Brenda dan Naya tanya padaku soal keseriusanku dengan Brian. Mereka berdua terus mendukung kami untuk pacaran… apalagi setelah Brenda tahu aku ditinggal mati oleh pacarku… Aku masih bingung soal ikut dengannya ke Amerika. Apa gak terlalu cepat?
“Kak Titien harus tentukan sikap lho, percaya dong sama cinta!” Kata Naya bersemangat.
“Brian itu cowok yang baik, ia sangat bertanggung jawab dan setia pada janjinya. Walau baru selesai kuliah, ia sudah mapan lho berkarir” Brenda menambah-nambah.
“Hayo, kurang apa lagi kak, sudah ganteng, setia, tajir, apa lagi, hayo?” Kata Naya…
“Eh, satu lagi yang utama…” Kata Brenda menggantung.
“Apa itu?” Tanyaku
“Kontolnya besar….” Brenda tertawa cekikikan… “Pasti kau puas lho… hehehehe” Cewek ini sudah mulai bercanda mesum lagi dan disambut Naya dengan gembira.
“Bukan cuma itu kak, Brian itu jago puasin cewek lho, teknik oralnya mantap!” Naya tambah meledekku, tapi ia gak sadar ledekannya bisa berbalik.
“Heh… kau tau dari mana?” Brenda bertanya… Naya langsung kaget dan merah, baru sadar sudah keceplos tadi. “Aku curiga lho ada apa-apanya dengan kalian berdua!” tambahnya sambil tersenyum.
“Hahahahaha… ada aja” Kami berdua hanya tertawa misterius.
“Makanya Kak Titien… jangan mempermainkan cowok terus, Kak Titien buat hatinya Brian menggantung lho!” Jawab Naya mengalihkan cerita.
“Iya Tien, kalo permainkan kontolnya sih boleh… tapi jangan hatinya!” Astaga, dari tadi aku diledek terus dari dua cewek nakal ini. Tapi hatiku berbunga-bunga lho…
“Kak Titien sih! Pake-pake game segala, itu tuh, tadi malam sampe ikat Brian dan tutup matanya di kamar…!” Kata Naya mencoba melempar kesalahan, sambil meledek ku.
“Hush…” Aku jadi malu… mukaku pasti sudah merah. Mereka berdua tertawa keras meledekku.
“Hey, cewek-cewek … lagi ngomong apa, kok ribut sekali!” Tanya Brian dari depan. Mereka sedang menunggu kami yang tertinggal jauh di belakang.
“Itulah… Naya lagi cerita apa yang Virgin buat sama kamu tadi malam… cie cie… yang pake diikat dan tutup mata segala!” Ledek Brenda sambil menebak-nebak.
“Eh…itukan buktinya pacarku romantis, gak cuma datang langsung oral gitu…!” Brian membela diri….
“Wah Brian jadi dapat oral yah semalam?” Tanya Shaun
“Astaga… jadi beneran? hahahaha…” Kata Brenda lagi.

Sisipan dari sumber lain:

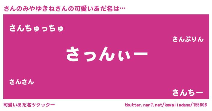 | 意味不明あだ名 | 『とにかく怪しいさんのみやゆきね』 |
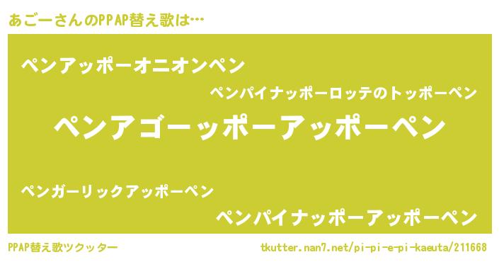 | ピコ太郎風あだ名 | 『アゴ八郎』『ピア六郎』『ピコア郎』 |

Aku langsung memeluk Naya karena sudah malu sekali. Gadis itu hanya tertawa-tawa, karena sebenarnya ia tahu apa yang terjadi.
“Hey… ayo, nanti keburu sunset!” Untunglah Edo menyuruh kami segera lanjut.
“Edo, kamu tahu gak soal game tadi malam?” Tanya Brenda gak mau berhenti walaupun kami sudah mulai jalan lagi…
“Tentu saja aku tauh, ular tangga kan?” Kami semua bingung.
Tiba-tiba Shaun tertawa keras-keras.